*Given information*
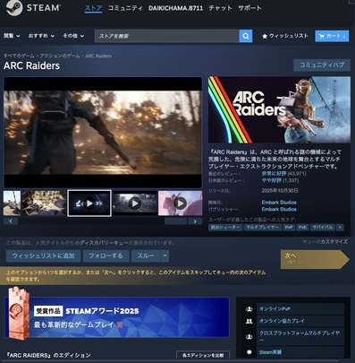登録完了後は、Steamプラットフォームにログインして、ARC Raidersの購入手続きを進めてください。
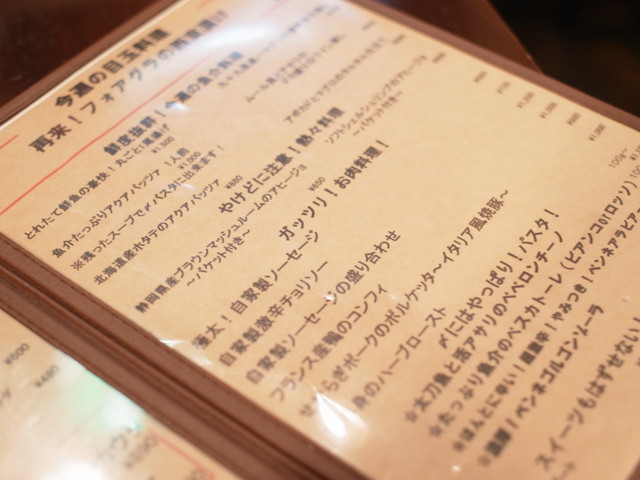 フォアグラやがっつりお肉、パスタなどなど揃ってます。
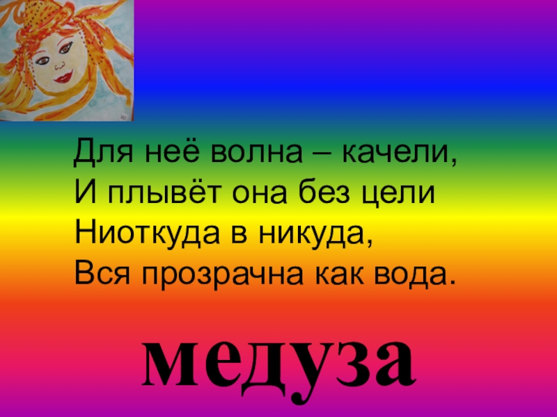 медузаДля неё волна – качели,  И плывёт она без цели  Ниоткуда в никуда,  Вся
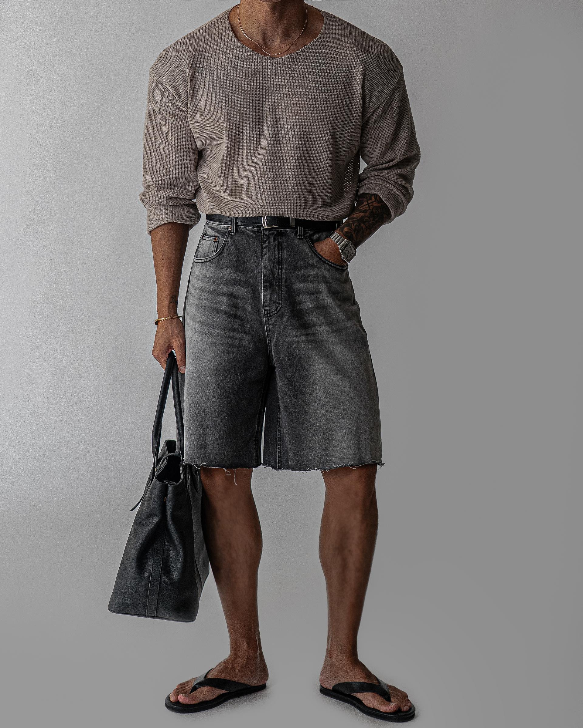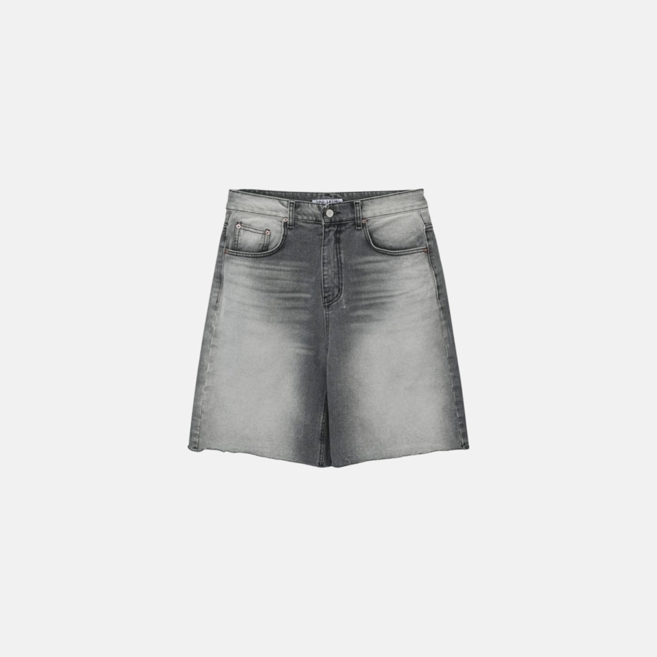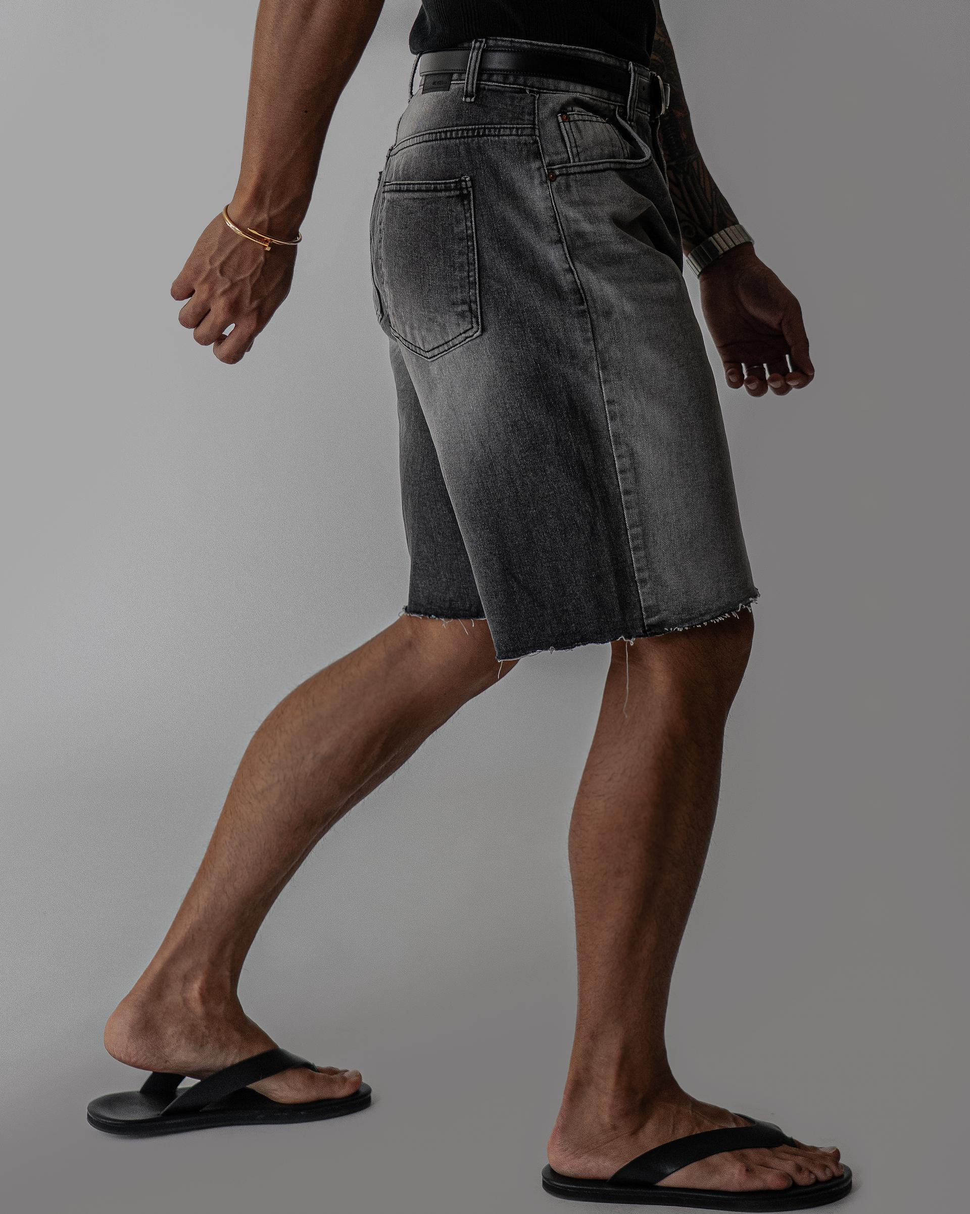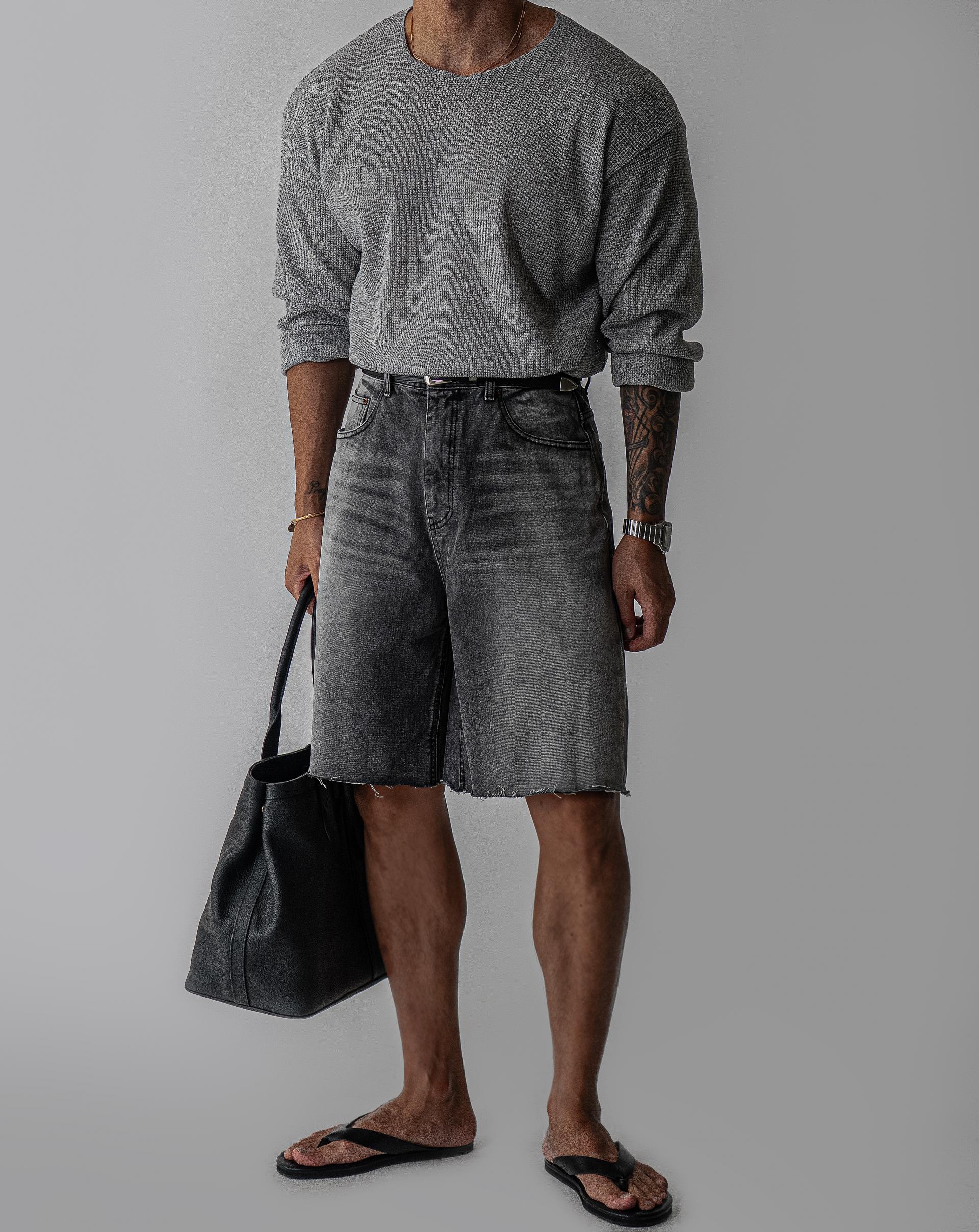 - 남성스러운 무드와 데미지 디테일이 돋보이는 하프 데님 팬츠

*What to do*
Each line above is to be repeated exactly as written; no picture is carried over.

*Written solution*
登録完了後は、Steamプラットフォームにログインして、ARC Raidersの購入手続きを進めてください。
 フォアグラやがっつりお肉、パスタなどなど揃ってます。
 медузаДля неё волна – качели,  И плывёт она без цели  Ниоткуда в никуда,  Вся
 - 남성스러운 무드와 데미지 디테일이 돋보이는 하프 데님 팬츠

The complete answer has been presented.